EXERCISE OBJECTIVE. Omitting all images, transcribe the listing word for word.

RECORDS PROVIDED Block Start

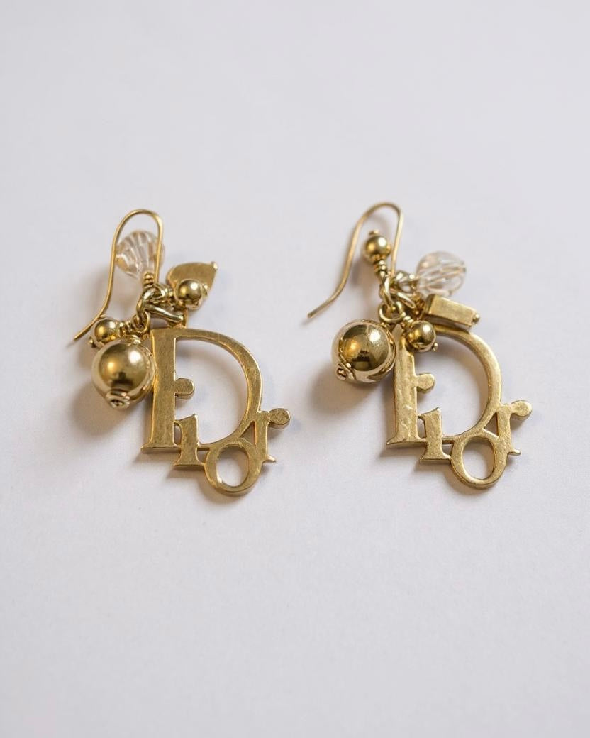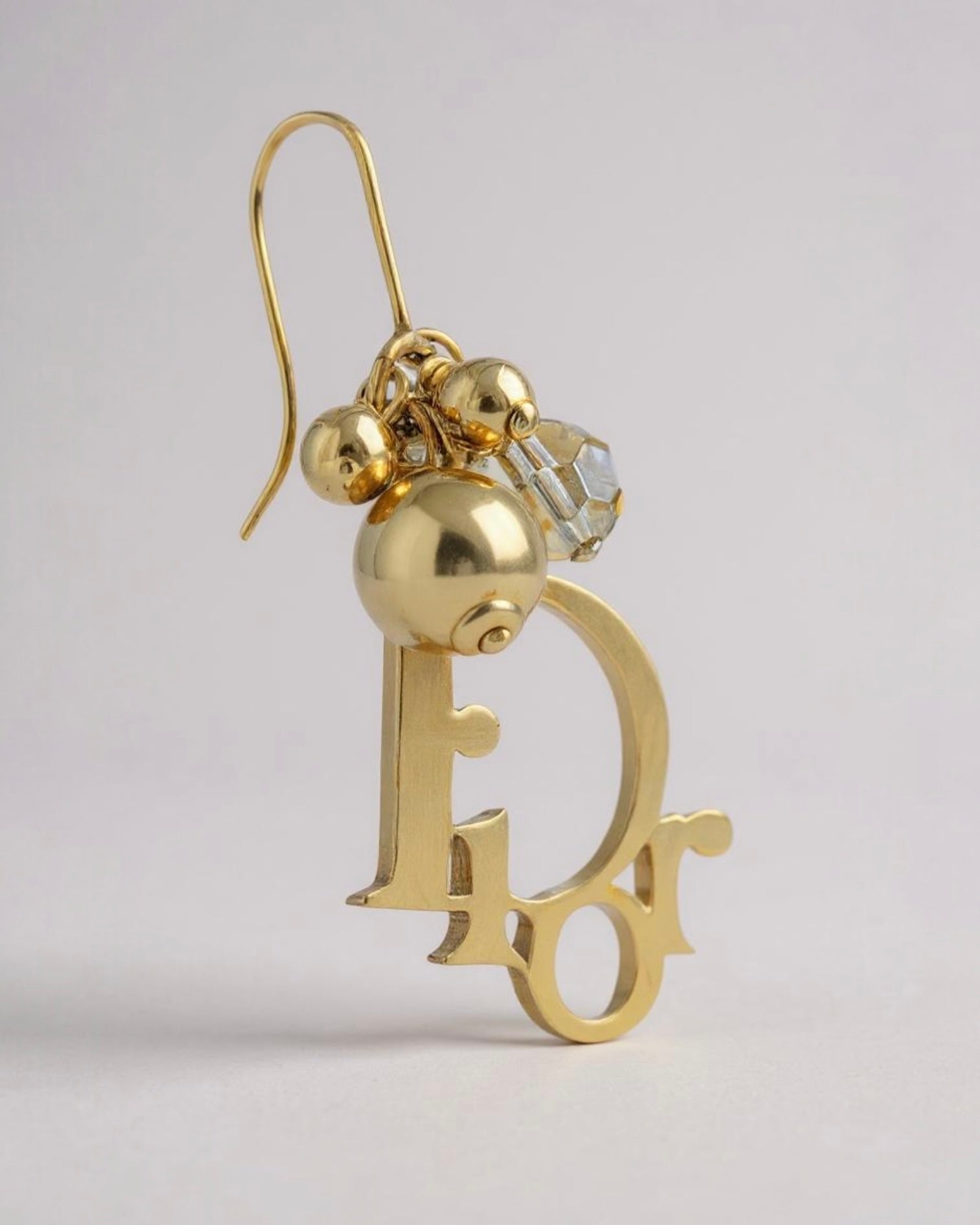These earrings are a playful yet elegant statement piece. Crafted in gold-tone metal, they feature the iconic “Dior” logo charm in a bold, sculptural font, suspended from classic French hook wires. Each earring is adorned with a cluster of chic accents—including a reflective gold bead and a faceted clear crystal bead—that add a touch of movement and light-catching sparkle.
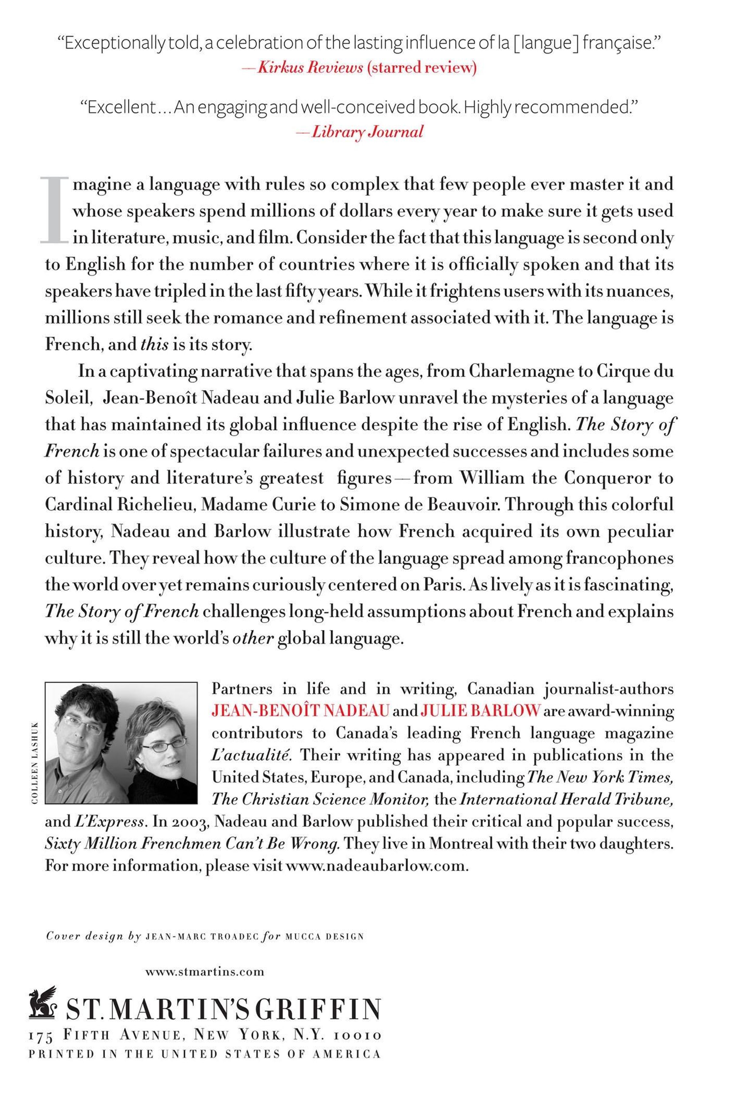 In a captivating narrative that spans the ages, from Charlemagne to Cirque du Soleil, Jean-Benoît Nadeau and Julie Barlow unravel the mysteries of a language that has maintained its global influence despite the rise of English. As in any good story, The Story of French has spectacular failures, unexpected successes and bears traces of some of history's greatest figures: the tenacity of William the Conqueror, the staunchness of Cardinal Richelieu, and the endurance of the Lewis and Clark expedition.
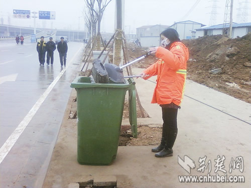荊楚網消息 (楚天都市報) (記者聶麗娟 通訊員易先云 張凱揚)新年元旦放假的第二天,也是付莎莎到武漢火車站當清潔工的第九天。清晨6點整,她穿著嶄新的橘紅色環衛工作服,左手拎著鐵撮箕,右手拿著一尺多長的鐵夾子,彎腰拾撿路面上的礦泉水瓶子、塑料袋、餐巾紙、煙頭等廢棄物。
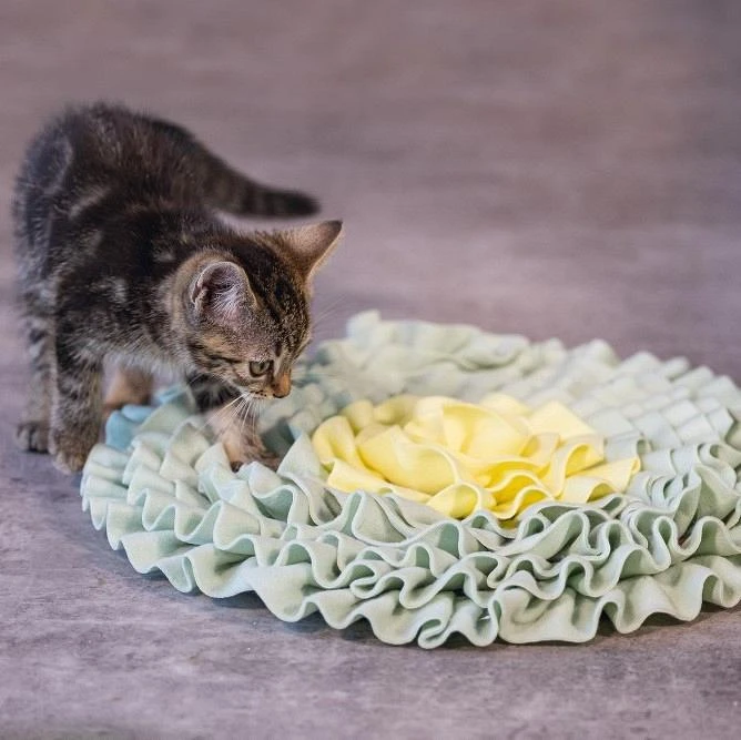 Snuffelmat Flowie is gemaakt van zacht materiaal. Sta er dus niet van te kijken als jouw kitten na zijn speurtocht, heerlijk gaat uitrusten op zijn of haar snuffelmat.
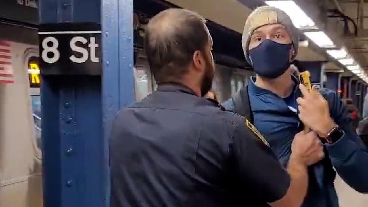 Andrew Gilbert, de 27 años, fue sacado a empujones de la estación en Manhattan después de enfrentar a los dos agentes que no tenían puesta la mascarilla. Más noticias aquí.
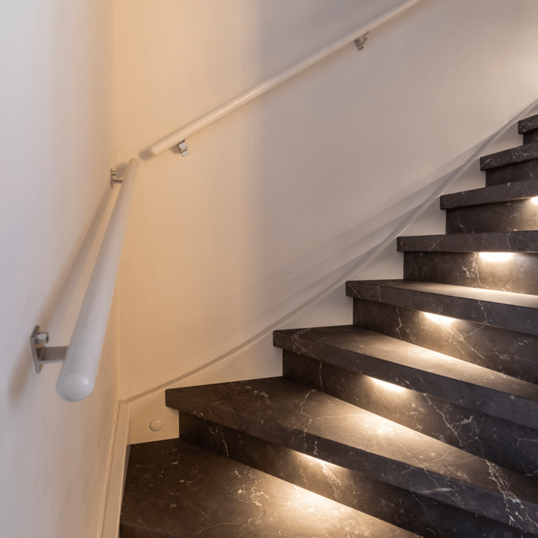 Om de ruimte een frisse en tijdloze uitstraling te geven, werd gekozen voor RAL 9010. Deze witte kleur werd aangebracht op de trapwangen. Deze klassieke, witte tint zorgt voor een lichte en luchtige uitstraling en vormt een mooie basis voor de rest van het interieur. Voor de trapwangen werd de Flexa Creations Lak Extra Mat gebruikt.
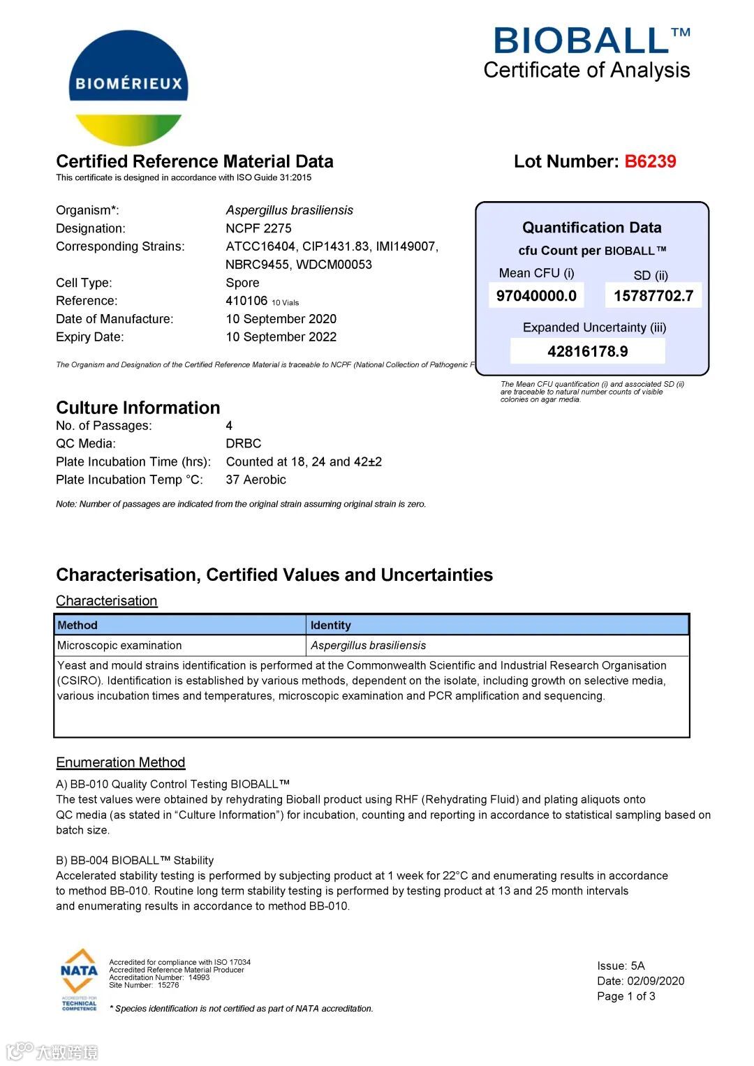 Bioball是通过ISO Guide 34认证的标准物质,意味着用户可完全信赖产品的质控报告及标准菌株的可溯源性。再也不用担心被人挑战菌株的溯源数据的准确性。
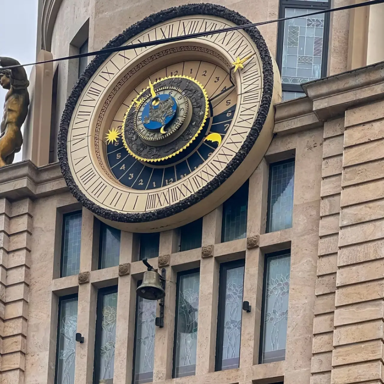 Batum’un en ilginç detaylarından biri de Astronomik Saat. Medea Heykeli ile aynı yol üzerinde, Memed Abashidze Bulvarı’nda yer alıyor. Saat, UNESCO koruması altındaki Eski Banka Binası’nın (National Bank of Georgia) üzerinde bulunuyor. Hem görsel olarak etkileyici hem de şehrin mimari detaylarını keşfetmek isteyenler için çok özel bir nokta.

RECORDS PROVIDED Block End

RESPONSE AREA.
These earrings are a playful yet elegant statement piece. Crafted in gold-tone metal, they feature the iconic “Dior” logo charm in a bold, sculptural font, suspended from classic French hook wires. Each earring is adorned with a cluster of chic accents—including a reflective gold bead and a faceted clear crystal bead—that add a touch of movement and light-catching sparkle.
 In a captivating narrative that spans the ages, from Charlemagne to Cirque du Soleil, Jean-Benoît Nadeau and Julie Barlow unravel the mysteries of a language that has maintained its global influence despite the rise of English. As in any good story, The Story of French has spectacular failures, unexpected successes and bears traces of some of history's greatest figures: the tenacity of William the Conqueror, the staunchness of Cardinal Richelieu, and the endurance of the Lewis and Clark expedition.
荊楚網消息 (楚天都市報) (記者聶麗娟 通訊員易先云 張凱揚)新年元旦放假的第二天,也是付莎莎到武漢火車站當清潔工的第九天。清晨6點整,她穿著嶄新的橘紅色環衛工作服,左手拎著鐵撮箕,右手拿著一尺多長的鐵夾子,彎腰拾撿路面上的礦泉水瓶子、塑料袋、餐巾紙、煙頭等廢棄物。
 Snuffelmat Flowie is gemaakt van zacht materiaal. Sta er dus niet van te kijken als jouw kitten na zijn speurtocht, heerlijk gaat uitrusten op zijn of haar snuffelmat.
 Andrew Gilbert, de 27 años, fue sacado a empujones de la estación en Manhattan después de enfrentar a los dos agentes que no tenían puesta la mascarilla. Más noticias aquí.
 Om de ruimte een frisse en tijdloze uitstraling te geven, werd gekozen voor RAL 9010. Deze witte kleur werd aangebracht op de trapwangen. Deze klassieke, witte tint zorgt voor een lichte en luchtige uitstraling en vormt een mooie basis voor de rest van het interieur. Voor de trapwangen werd de Flexa Creations Lak Extra Mat gebruikt.
 Bioball是通过ISO Guide 34认证的标准物质,意味着用户可完全信赖产品的质控报告及标准菌株的可溯源性。再也不用担心被人挑战菌株的溯源数据的准确性。
 Batum’un en ilginç detaylarından biri de Astronomik Saat. Medea Heykeli ile aynı yol üzerinde, Memed Abashidze Bulvarı’nda yer alıyor. Saat, UNESCO koruması altındaki Eski Banka Binası’nın (National Bank of Georgia) üzerinde bulunuyor. Hem görsel olarak etkileyici hem de şehrin mimari detaylarını keşfetmek isteyenler için çok özel bir nokta.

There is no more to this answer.